(Data excerpts)

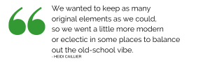 The entryway decor—a bench upholstered in a mud cloth pattern, an antique Oriental rug, and a whopper of a chandelier—shows another side of Heidi’s balancing skills: pairing clean lines and neutral colors with global patterns and a mix of new and vintage furniture. “It’s all about contrast,” Heidi says. “We wanted to keep as many original elements as we could, so we went a little more modern or eclectic in some places to balance out the old-school vibe.”
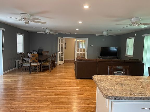 The combination kitchen, living room, and dining room area features two glass doors that access a porch on the front as well as the one on the backside of the house.
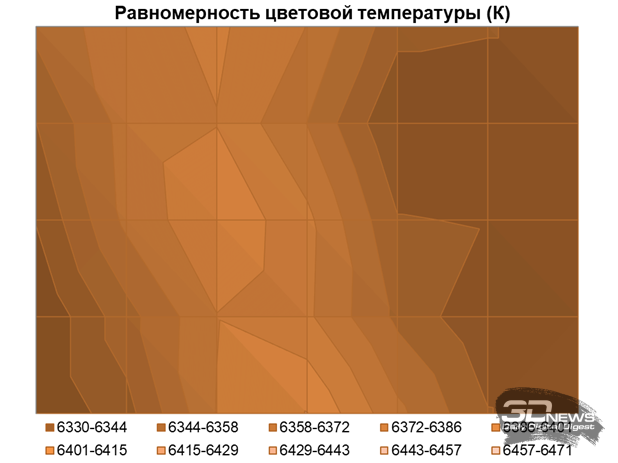 Нет у монитора Titan Army и проблем с равномерностью цветовой температуры по всему полю экрана. Среднее отклонение от центральной точки оказалось на уровне 0,6 %, а максимальное всего 1,3 %. Различия цветовой температуры по полю экрана не превышают 110 К. Тут без слов… одни положительные эмоции.
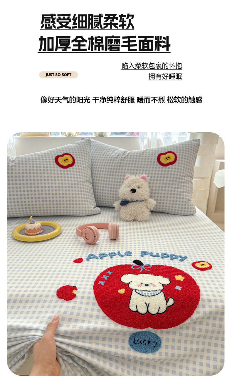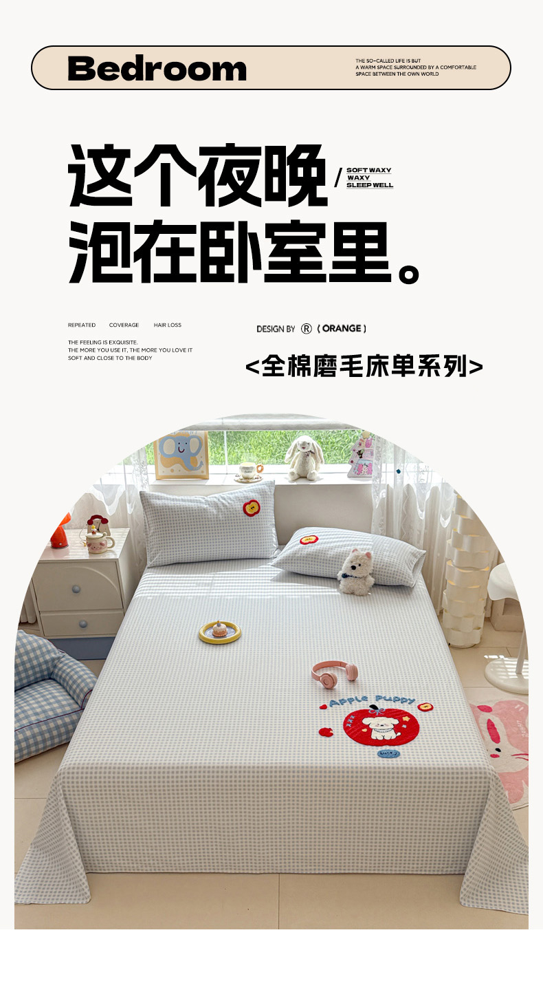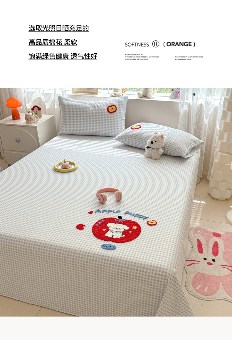 慕尚家纺 2025新款全棉磨毛毛巾绣单床单 床单单件 苹安瑞瑞
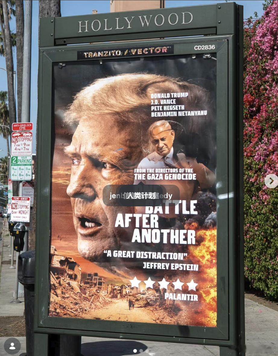 (每日野兽)在奥斯卡颁奖典礼开始前几个小时,洛杉矶日落大道上出现了嘲讽美国总统唐纳德·特朗普并谴责美以对伊战争的电影海报。
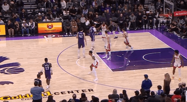 P3早期进攻阶段和雷诺发动三分线内一步的边路挡拆,罚球线急停佯装出手跳投,吸引沉退的申京上提后立即传给顺下的雷诺。
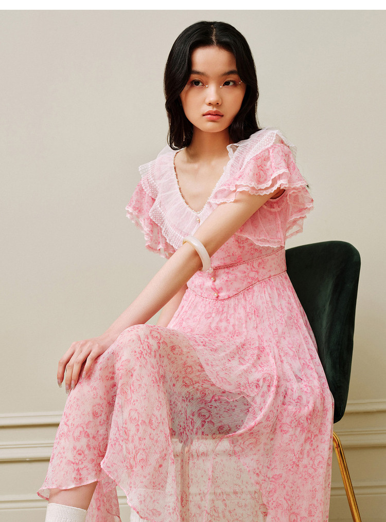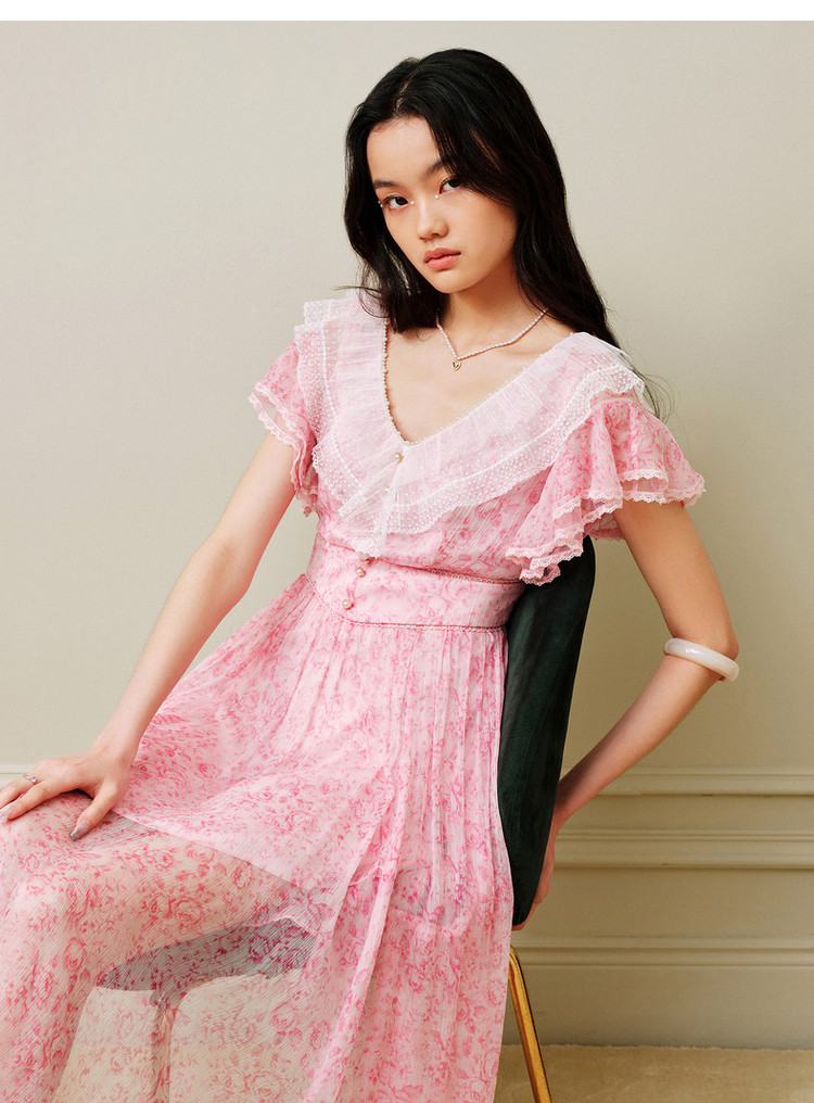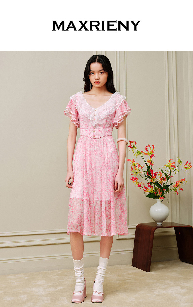 MAXRIENY浪漫氛围感碎花真丝连衣裙2023新款度假风裙子MS88DR072F10
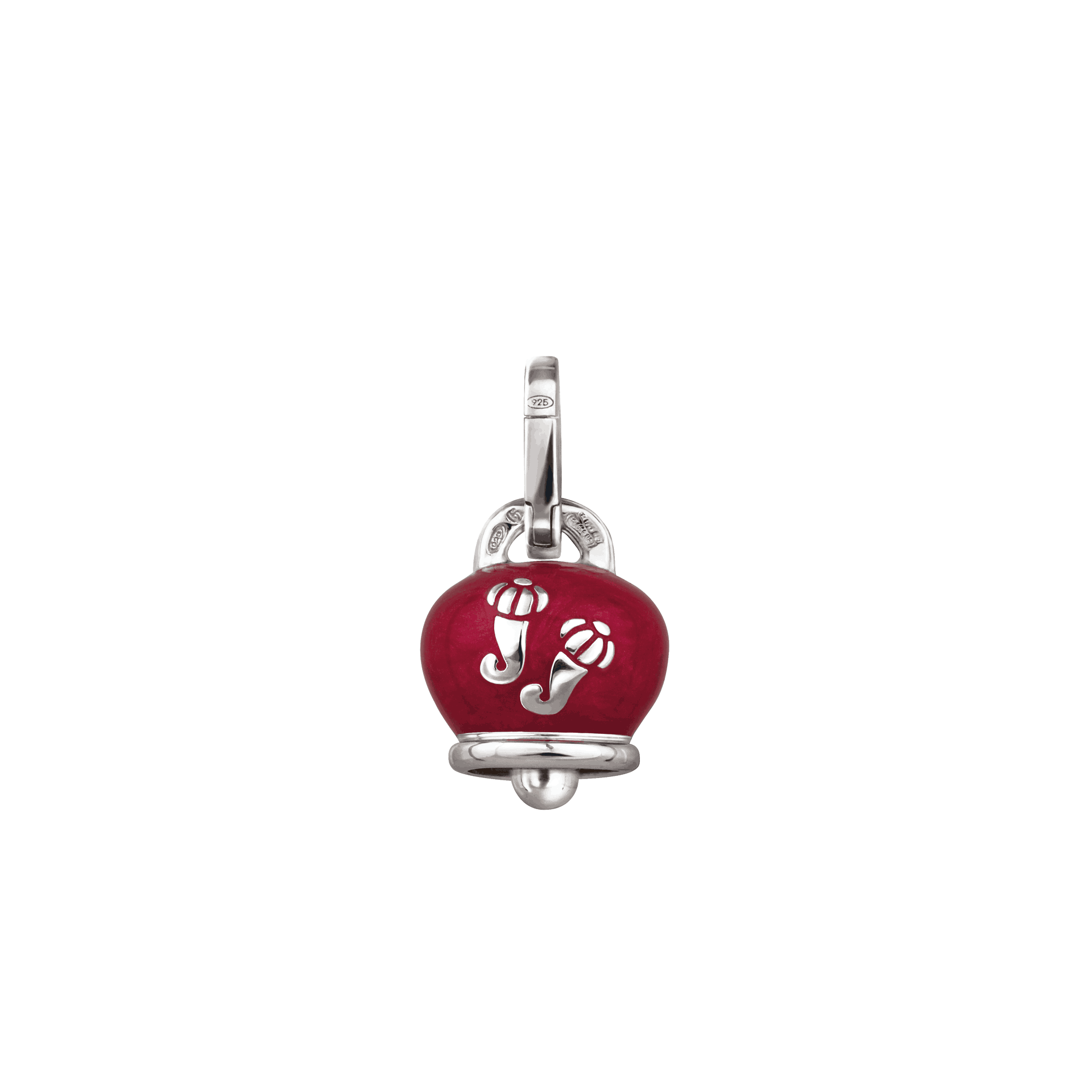 Medium campanella charm with horns in 925 silver and red enamel luminescent
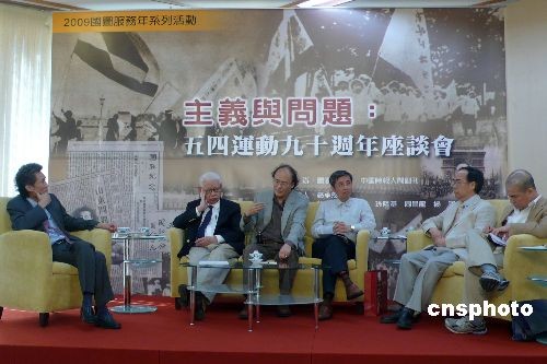 四月二十四日下午,“主義與問題:五四運(yùn)動(dòng)九十周年座談會(huì)”在臺(tái)北舉行。圖為東海大學(xué)教授高承恕、臺(tái)灣大學(xué)教授林毓生、中正大學(xué)教授孫隆基、政治大學(xué)教授金觀濤、暨南國(guó)際大學(xué)教授周昌龍以及中國(guó)時(shí)報(bào)副總編輯楊澤出席座談會(huì)(從左至右)。中新社發(fā) 鄧敏 攝
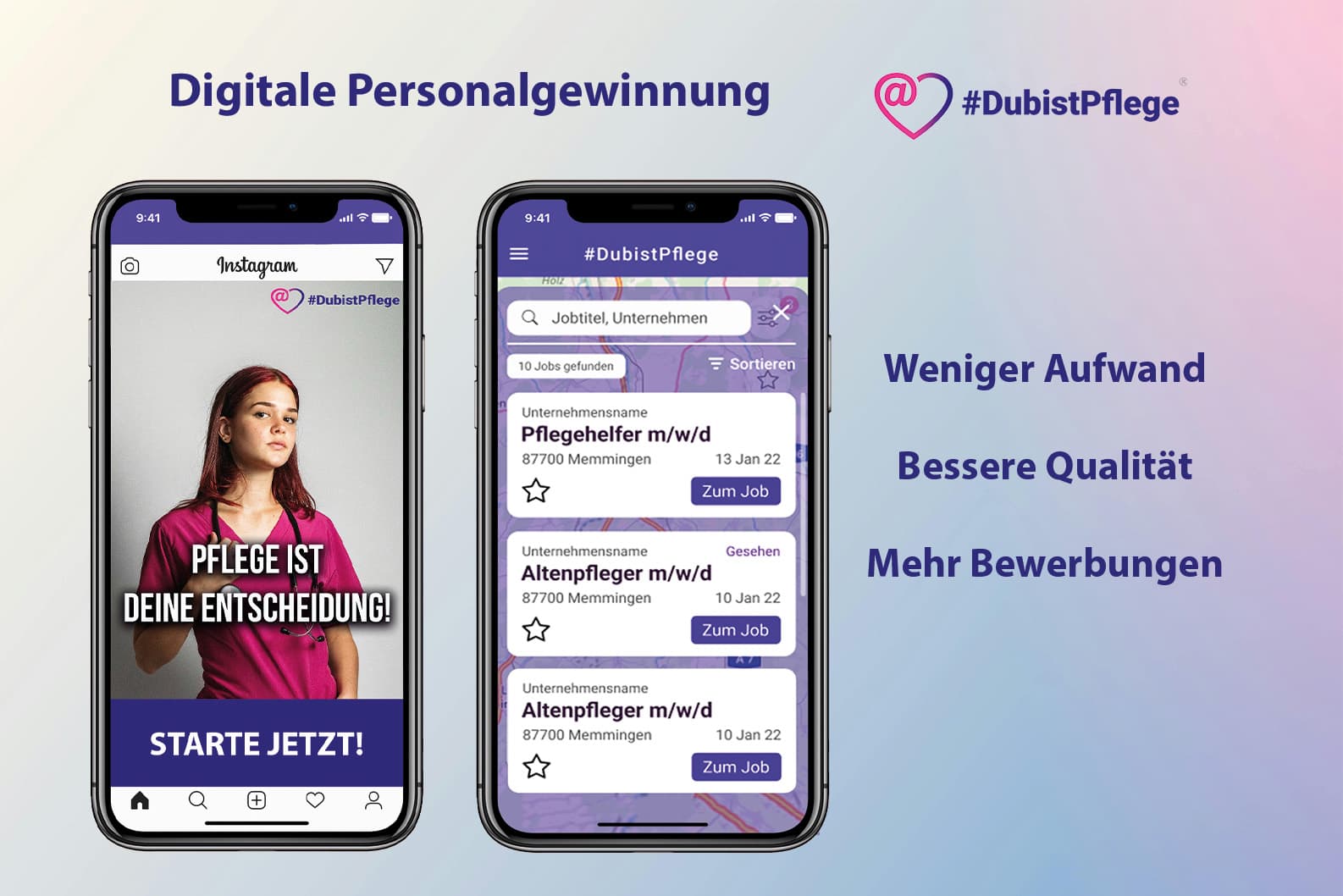 Klassische Stellenanzeigen erreichen nur einen Bruchteil der Pflegekräfte, da sie ausschließlich auf aktiv Suchende abzielen. Mit unserer emotionalen Social-Media-Kampagne für den Pflegeberuf sprechen wir auch abgewanderte Fachkräfte und latent Suchende gezielt an – eine große Zielgruppe, die bisher kaum erreicht wird.
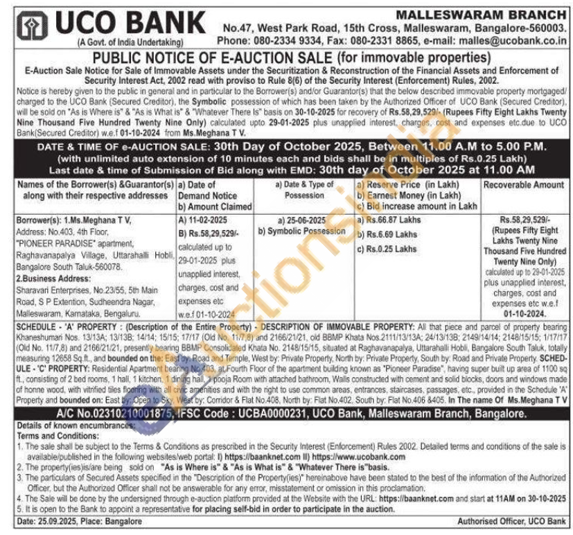 All that piece and parcel of property bearing Khaneshumari Nos. 13/13A; 13/138; 14/14; 15/15; 17/17 (Old No. 11/7,8) and 2166/21/21, old BBMP Khata Nos 2111/13/13A: 24/13/138: 2149/14/14; 2148/15/15; 1/17/17 (Old No. 11/7,8) and 2166/21/21, presently bearing BBMP Consolidated Khata No. 2148/15/15, situated at Raghavanapalya, Uttarahalli Hobli, Bangalore South Taluk, totally measuring 12858 Sq.ft., and bounded on the: East by: Road and Temple, West by: Private Property, North by: Private Property, South by: Road and Private Property. SCHED-ULE 'C' PROPERTY: Residential Apartment bearing No.403, at Fourth Floor of the apartment building known as "Pioneer Paradise", having super built up area of 1100 sq ft., consisting of 2 bed rooms, 1 hall, 1 kitchen, 1 dining hall, 1 pooja Room with attached bathroom, Walls constructed with cement and solid blocks, doors and windows made of honne wood, with vitrified tilles flooring with all civic amenities and with the right to use common areas, entrances, staircases, passages, etc., provided in the Schedule 'A' Property and bounded on: East by. Open to Sky, West by: Corridor & Flat No.408, North by: Fiat No.402, South by: Flat No.406 8405. In The name Of Ms.Meghana TV
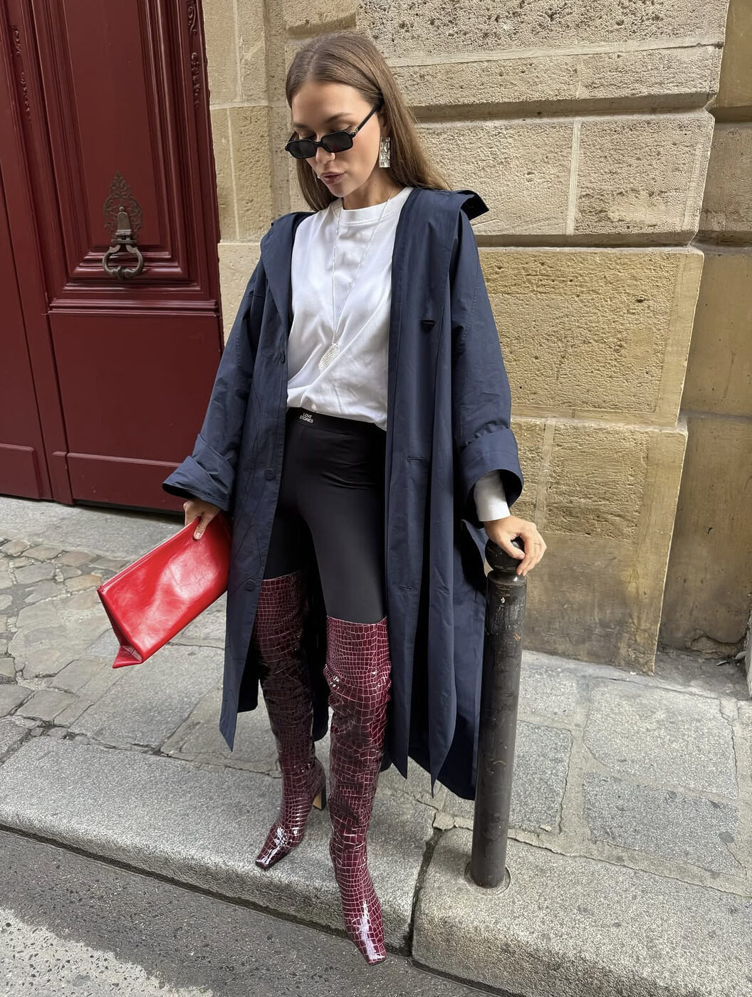 품이 넉넉한 니하이나 싸이하이 부츠가 아닌 핏이 타이트하게 붙는 부츠는 또 다른 무드를 자아냅니다. 부피감 대신 라인이 더 강조되니 날렵하고 정제된 느낌이 들기도 하죠. 블랙 레깅스, 이너로는 하얀색 티셔츠로 시크한 베이스를 다져준 다음, 버건디 크록 엠보 하이 부츠를 주인공으로 한 알렉산드라 룩도 참고해보는 건 어떨까요. 상의는 넉넉한 품으로 무게를 분산시켜야 더 세련되보일 수 있으니 기억하시길!
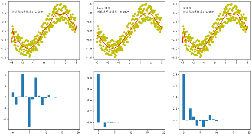 观察学到的20个系数:普通线性回归的系数很大且杂乱;Lasso回归的许多系数变成了0;Ridge回归的系数整体变小了但都不为0。正则化系数λ是一个超参数,需要在训练前设定,较大的λ会强制模型更简单,较小的λ则更灵活。
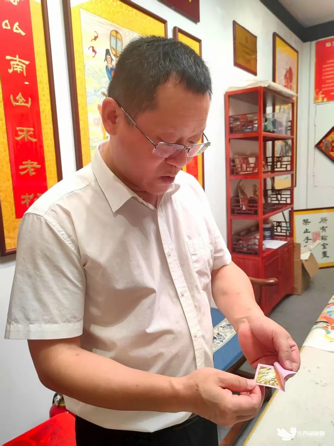 许华波介绍年画贴金的金箔。
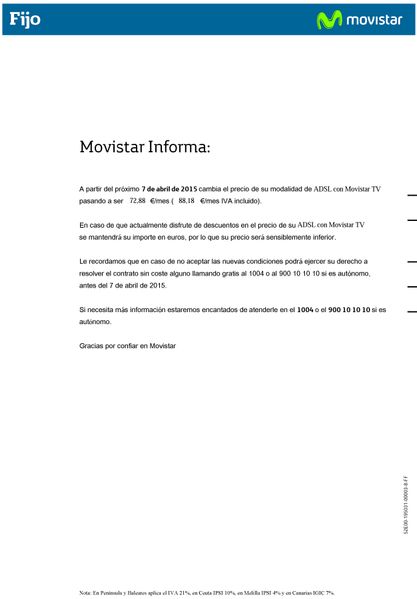 Hola pepe1900, deje progresivamente de ser cliente de telefónica cuando el Imagenio Familiar le "impusieron el futbol" con su subida correspondiente más la subida del IVA al 21% pasando de pagar 22€ a 36€ (octubre 2012), lo del IVA lo podía aceptar pero la subida por el futbol no, te puedo asegurar que aunque me costó (ya sebes toda la vida de telefónica) ahora estoy muy contento de ya no ser cliente de telefonica. Ahora tengo fibra 50/5 con todos los servicios + línea móvil con 200mts y 1,1 GB todo por 42,28 € precio final con IVA incluido y sin ningún problema, con la opción de fibra 200/200 y las mismas condiciones anteriores e incluso alguna mejor por 54,38. Al quitar la TV de Imagenio ya no la he vuelto a contratar… ahora veo la televisión a la carta por internet, estoy ahorrando mucho con mejores prestaciones en lo que realmente me interesa y en la compañía que estoy no me obligan "de forma indirecta" a pagar por lo que no quiero.

**Instructions for the task**
You are asked to output the records precisely as they appear, minus any pictures.

**Your solution**
 The entryway decor—a bench upholstered in a mud cloth pattern, an antique Oriental rug, and a whopper of a chandelier—shows another side of Heidi’s balancing skills: pairing clean lines and neutral colors with global patterns and a mix of new and vintage furniture. “It’s all about contrast,” Heidi says. “We wanted to keep as many original elements as we could, so we went a little more modern or eclectic in some places to balance out the old-school vibe.”
 The combination kitchen, living room, and dining room area features two glass doors that access a porch on the front as well as the one on the backside of the house.
 Нет у монитора Titan Army и проблем с равномерностью цветовой температуры по всему полю экрана. Среднее отклонение от центральной точки оказалось на уровне 0,6 %, а максимальное всего 1,3 %. Различия цветовой температуры по полю экрана не превышают 110 К. Тут без слов… одни положительные эмоции.
 慕尚家纺 2025新款全棉磨毛毛巾绣单床单 床单单件 苹安瑞瑞
 (每日野兽)在奥斯卡颁奖典礼开始前几个小时,洛杉矶日落大道上出现了嘲讽美国总统唐纳德·特朗普并谴责美以对伊战争的电影海报。
 P3早期进攻阶段和雷诺发动三分线内一步的边路挡拆,罚球线急停佯装出手跳投,吸引沉退的申京上提后立即传给顺下的雷诺。
 MAXRIENY浪漫氛围感碎花真丝连衣裙2023新款度假风裙子MS88DR072F10
 Medium campanella charm with horns in 925 silver and red enamel luminescent
 四月二十四日下午,“主義與問題:五四運(yùn)動(dòng)九十周年座談會(huì)”在臺(tái)北舉行。圖為東海大學(xué)教授高承恕、臺(tái)灣大學(xué)教授林毓生、中正大學(xué)教授孫隆基、政治大學(xué)教授金觀濤、暨南國(guó)際大學(xué)教授周昌龍以及中國(guó)時(shí)報(bào)副總編輯楊澤出席座談會(huì)(從左至右)。中新社發(fā) 鄧敏 攝
 Klassische Stellenanzeigen erreichen nur einen Bruchteil der Pflegekräfte, da sie ausschließlich auf aktiv Suchende abzielen. Mit unserer emotionalen Social-Media-Kampagne für den Pflegeberuf sprechen wir auch abgewanderte Fachkräfte und latent Suchende gezielt an – eine große Zielgruppe, die bisher kaum erreicht wird.
 All that piece and parcel of property bearing Khaneshumari Nos. 13/13A; 13/138; 14/14; 15/15; 17/17 (Old No. 11/7,8) and 2166/21/21, old BBMP Khata Nos 2111/13/13A: 24/13/138: 2149/14/14; 2148/15/15; 1/17/17 (Old No. 11/7,8) and 2166/21/21, presently bearing BBMP Consolidated Khata No. 2148/15/15, situated at Raghavanapalya, Uttarahalli Hobli, Bangalore South Taluk, totally measuring 12858 Sq.ft., and bounded on the: East by: Road and Temple, West by: Private Property, North by: Private Property, South by: Road and Private Property. SCHED-ULE 'C' PROPERTY: Residential Apartment bearing No.403, at Fourth Floor of the apartment building known as "Pioneer Paradise", having super built up area of 1100 sq ft., consisting of 2 bed rooms, 1 hall, 1 kitchen, 1 dining hall, 1 pooja Room with attached bathroom, Walls constructed with cement and solid blocks, doors and windows made of honne wood, with vitrified tilles flooring with all civic amenities and with the right to use common areas, entrances, staircases, passages, etc., provided in the Schedule 'A' Property and bounded on: East by. Open to Sky, West by: Corridor & Flat No.408, North by: Fiat No.402, South by: Flat No.406 8405. In The name Of Ms.Meghana TV
 품이 넉넉한 니하이나 싸이하이 부츠가 아닌 핏이 타이트하게 붙는 부츠는 또 다른 무드를 자아냅니다. 부피감 대신 라인이 더 강조되니 날렵하고 정제된 느낌이 들기도 하죠. 블랙 레깅스, 이너로는 하얀색 티셔츠로 시크한 베이스를 다져준 다음, 버건디 크록 엠보 하이 부츠를 주인공으로 한 알렉산드라 룩도 참고해보는 건 어떨까요. 상의는 넉넉한 품으로 무게를 분산시켜야 더 세련되보일 수 있으니 기억하시길!
 观察学到的20个系数:普通线性回归的系数很大且杂乱;Lasso回归的许多系数变成了0;Ridge回归的系数整体变小了但都不为0。正则化系数λ是一个超参数,需要在训练前设定,较大的λ会强制模型更简单,较小的λ则更灵活。
 许华波介绍年画贴金的金箔。
 Hola pepe1900, deje progresivamente de ser cliente de telefónica cuando el Imagenio Familiar le "impusieron el futbol" con su subida correspondiente más la subida del IVA al 21% pasando de pagar 22€ a 36€ (octubre 2012), lo del IVA lo podía aceptar pero la subida por el futbol no, te puedo asegurar que aunque me costó (ya sebes toda la vida de telefónica) ahora estoy muy contento de ya no ser cliente de telefonica. Ahora tengo fibra 50/5 con todos los servicios + línea móvil con 200mts y 1,1 GB todo por 42,28 € precio final con IVA incluido y sin ningún problema, con la opción de fibra 200/200 y las mismas condiciones anteriores e incluso alguna mejor por 54,38. Al quitar la TV de Imagenio ya no la he vuelto a contratar… ahora veo la televisión a la carta por internet, estoy ahorrando mucho con mejores prestaciones en lo que realmente me interesa y en la compañía que estoy no me obligan "de forma indirecta" a pagar por lo que no quiero.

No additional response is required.